### TASK DESCRIPTION:
Return all of the entries below, word for word. Omit each picture.

== DATA LISTING ==

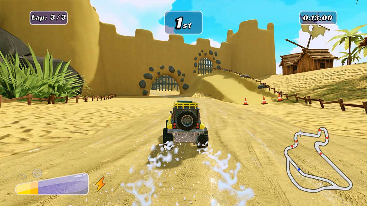 Spelet bjuder på en mindre mängd innehåll: 14 korta banor, 12 olika bilar och möjligheten att spela solo, online eller i split screen-läge. De två spellägena som erbjuds är Äventyr och Tävling. Den förstnämnda erbjuder en Super Mario-liknande värld där spelaren kan klara uppdrag – allt ifrån att vinna lopp till att leverera post – på förutbestämda banor. Banorna går snabbt att klara av och är inte tillräckligt underhållande eller varierade för att motivera en andra genomspelning. Enligt min upplevelse är äventyrsläget något man spelar en gång och sedan inte återvänder till. Om spelet gav möjlighet att välja olika bilar för uppdragen hade det kunnat ge mer variation, men som det är nu ligger spelets långsiktiga hållbarhet främst i tävlingsläget.
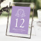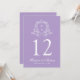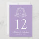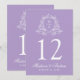 Lägg till en försiktig charm till din bröllopsmottagning med de här bordsnumren för lavender blommigt vapensköld, och visa parets initialer inom en känslig vit vapensköld. Mittpunkten markerar bordsnumret, medan datumet namn och bröllop visas nedan i ett elegant vitt skript - perfekt för lavender bröllop, romantiska ceremonier eller vår bröllop. Kortet mäter 5" x 7". Redigera varje bordsnummer individuellt och lägg till dem i kundvagnen för att säkerställa en mjuk beställning processaa.
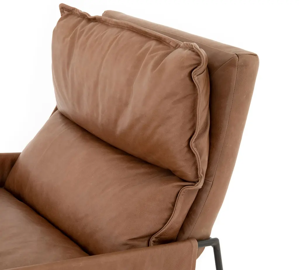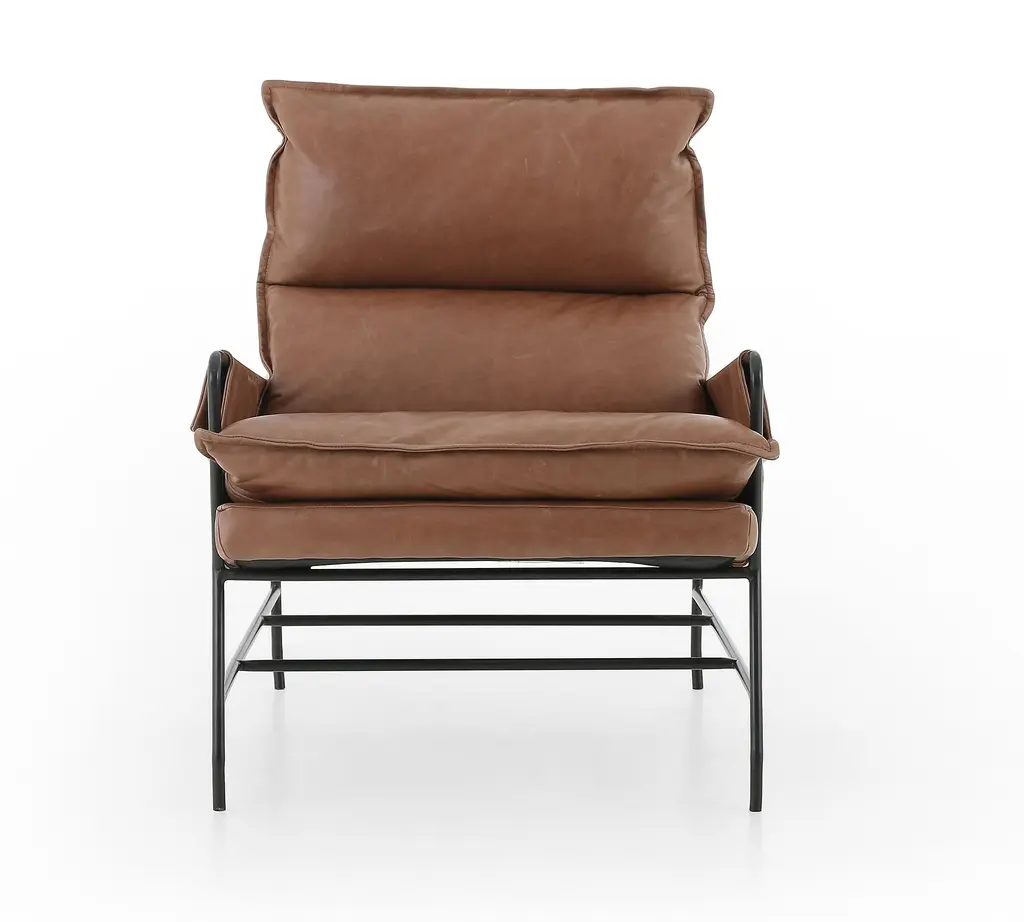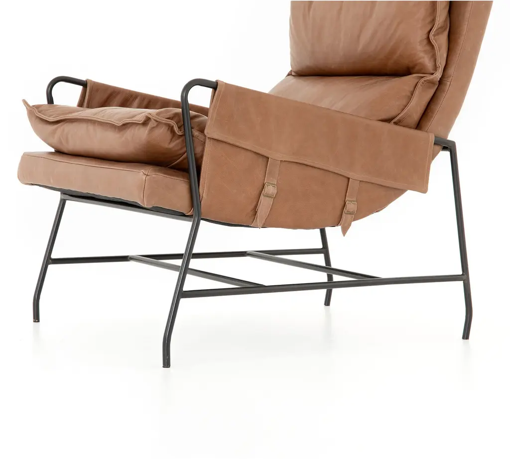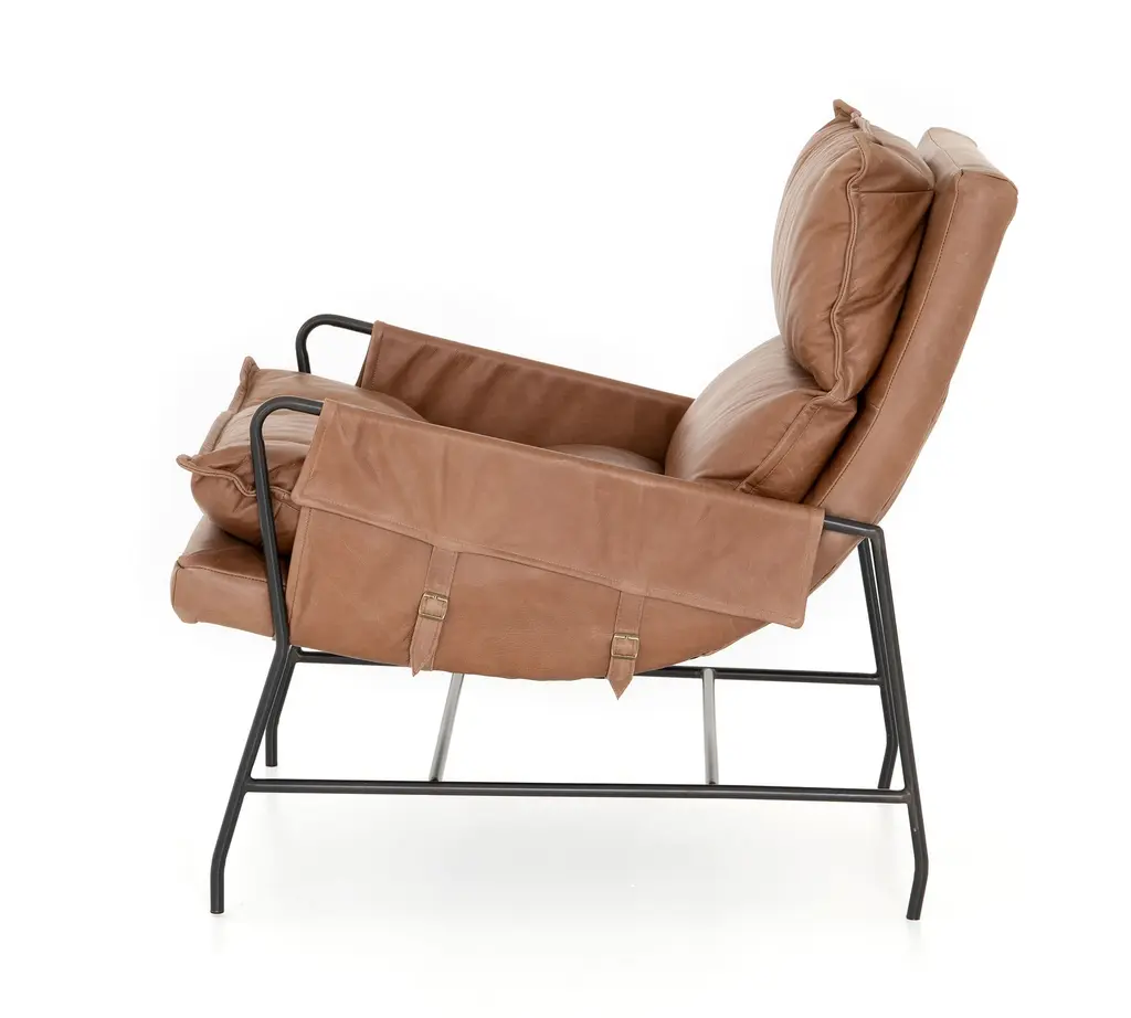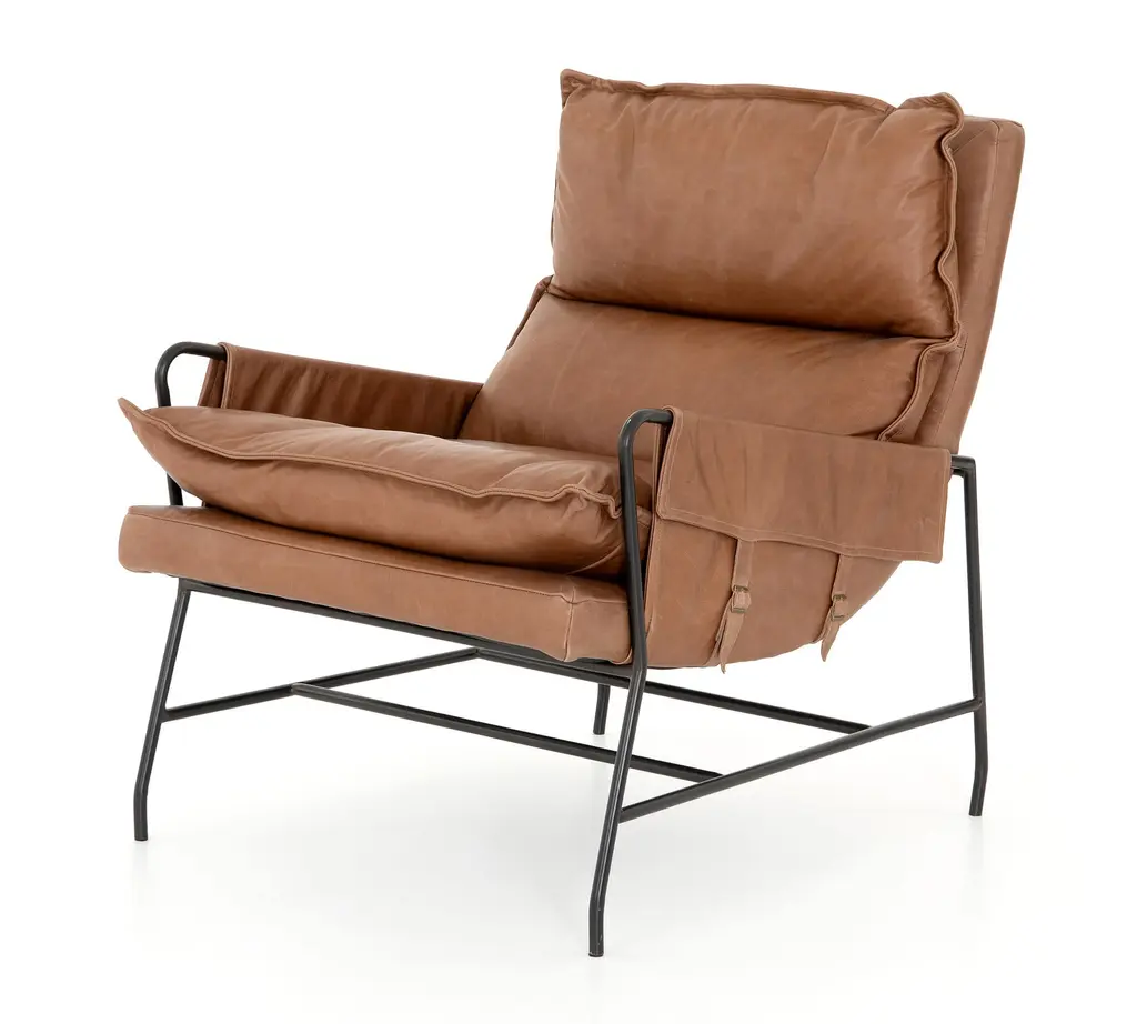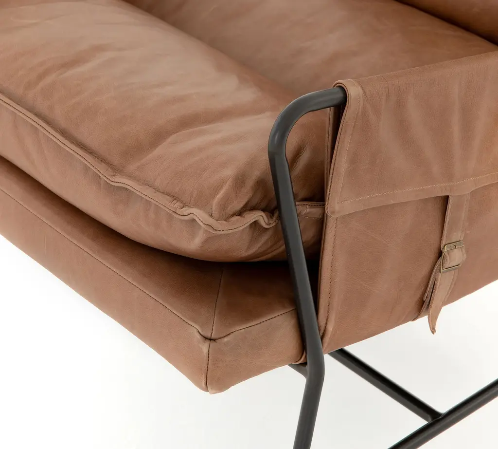 Designed for luxury, made for comfort – this will be the most coveted seat in the house. An iron frame is wrapped in buttery soft leather and detailed with saddle-inspired buckles, and attached leather cushions add sink-in softness.
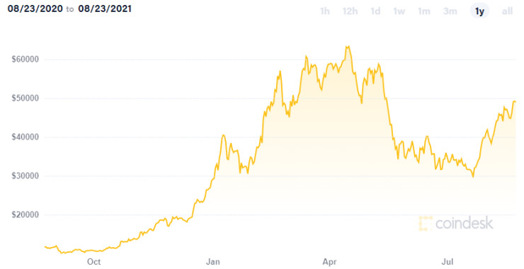 Стойността на биткойна достигна до най-високото си равнище в средата на април от близо 65 хил. долара, стимулирана от интереса на институционалните инвеститори. По-късно обаче серия от отрицателни коментари потопиха цената, комбинирани с някои регулаторни ограничения в Китай. Последното дъно на криптовалутата бе под 30 хил. долара от края на юли.
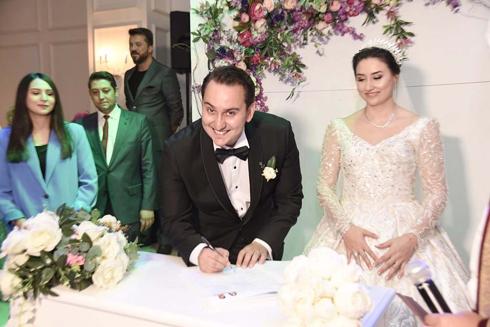 Ömürlük imzaları atan Fazıl Bartu Kösemsever ve Elif Açıkgöz çiftinin mutlulukları gözlerinden okunuyordu.

===

### RESULT OF THIS EXERCISE:
 Spelet bjuder på en mindre mängd innehåll: 14 korta banor, 12 olika bilar och möjligheten att spela solo, online eller i split screen-läge. De två spellägena som erbjuds är Äventyr och Tävling. Den förstnämnda erbjuder en Super Mario-liknande värld där spelaren kan klara uppdrag – allt ifrån att vinna lopp till att leverera post – på förutbestämda banor. Banorna går snabbt att klara av och är inte tillräckligt underhållande eller varierade för att motivera en andra genomspelning. Enligt min upplevelse är äventyrsläget något man spelar en gång och sedan inte återvänder till. Om spelet gav möjlighet att välja olika bilar för uppdragen hade det kunnat ge mer variation, men som det är nu ligger spelets långsiktiga hållbarhet främst i tävlingsläget.
 Lägg till en försiktig charm till din bröllopsmottagning med de här bordsnumren för lavender blommigt vapensköld, och visa parets initialer inom en känslig vit vapensköld. Mittpunkten markerar bordsnumret, medan datumet namn och bröllop visas nedan i ett elegant vitt skript - perfekt för lavender bröllop, romantiska ceremonier eller vår bröllop. Kortet mäter 5" x 7". Redigera varje bordsnummer individuellt och lägg till dem i kundvagnen för att säkerställa en mjuk beställning processaa.
 Designed for luxury, made for comfort – this will be the most coveted seat in the house. An iron frame is wrapped in buttery soft leather and detailed with saddle-inspired buckles, and attached leather cushions add sink-in softness.
 Стойността на биткойна достигна до най-високото си равнище в средата на април от близо 65 хил. долара, стимулирана от интереса на институционалните инвеститори. По-късно обаче серия от отрицателни коментари потопиха цената, комбинирани с някои регулаторни ограничения в Китай. Последното дъно на криптовалутата бе под 30 хил. долара от края на юли.
 Ömürlük imzaları atan Fazıl Bartu Kösemsever ve Elif Açıkgöz çiftinin mutlulukları gözlerinden okunuyordu.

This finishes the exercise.